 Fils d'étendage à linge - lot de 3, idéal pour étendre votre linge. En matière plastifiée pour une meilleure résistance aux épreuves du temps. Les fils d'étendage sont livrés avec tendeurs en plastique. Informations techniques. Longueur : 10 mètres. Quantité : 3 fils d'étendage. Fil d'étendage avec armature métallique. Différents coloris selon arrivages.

═══

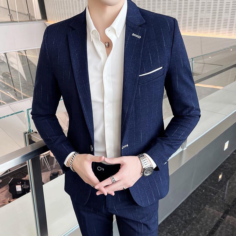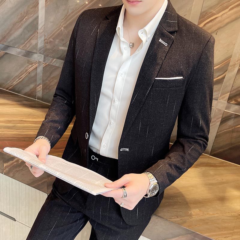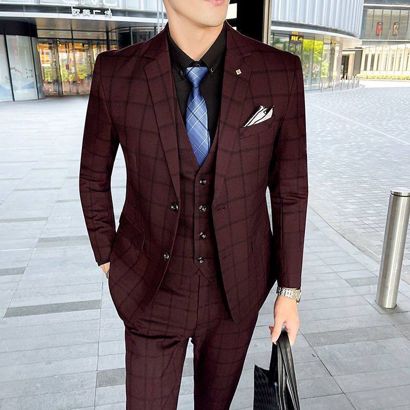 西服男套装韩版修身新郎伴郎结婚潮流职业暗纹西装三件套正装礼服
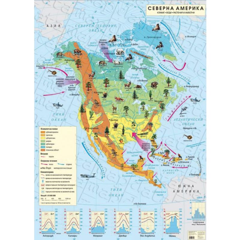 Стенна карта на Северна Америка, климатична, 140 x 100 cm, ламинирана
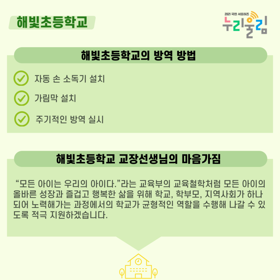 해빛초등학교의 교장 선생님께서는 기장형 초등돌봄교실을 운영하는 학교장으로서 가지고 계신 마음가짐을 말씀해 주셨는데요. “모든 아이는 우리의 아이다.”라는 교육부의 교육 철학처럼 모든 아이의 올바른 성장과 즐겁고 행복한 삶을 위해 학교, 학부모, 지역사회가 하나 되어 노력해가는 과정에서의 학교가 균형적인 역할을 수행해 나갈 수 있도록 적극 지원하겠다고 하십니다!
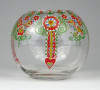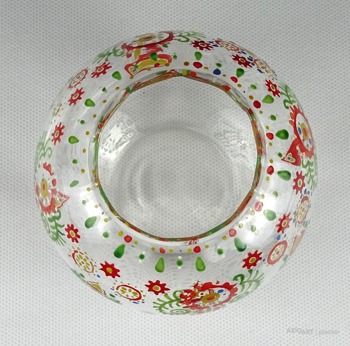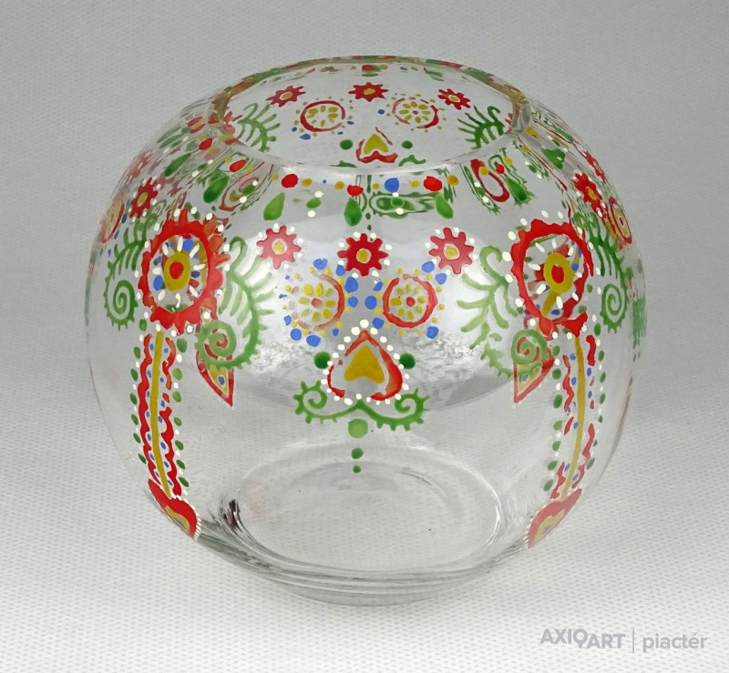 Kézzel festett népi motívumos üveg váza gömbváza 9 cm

═══

Directions:
Nothing but the lines from the one with "Стенна карта на" up to and including the one with "Kézzel festett népi" should be printed, exactly as they read above. Please keep the pictures out.

Response for this exercise:
 Стенна карта на Северна Америка, климатична, 140 x 100 cm, ламинирана
 해빛초등학교의 교장 선생님께서는 기장형 초등돌봄교실을 운영하는 학교장으로서 가지고 계신 마음가짐을 말씀해 주셨는데요. “모든 아이는 우리의 아이다.”라는 교육부의 교육 철학처럼 모든 아이의 올바른 성장과 즐겁고 행복한 삶을 위해 학교, 학부모, 지역사회가 하나 되어 노력해가는 과정에서의 학교가 균형적인 역할을 수행해 나갈 수 있도록 적극 지원하겠다고 하십니다!
 Kézzel festett népi motívumos üveg váza gömbváza 9 cm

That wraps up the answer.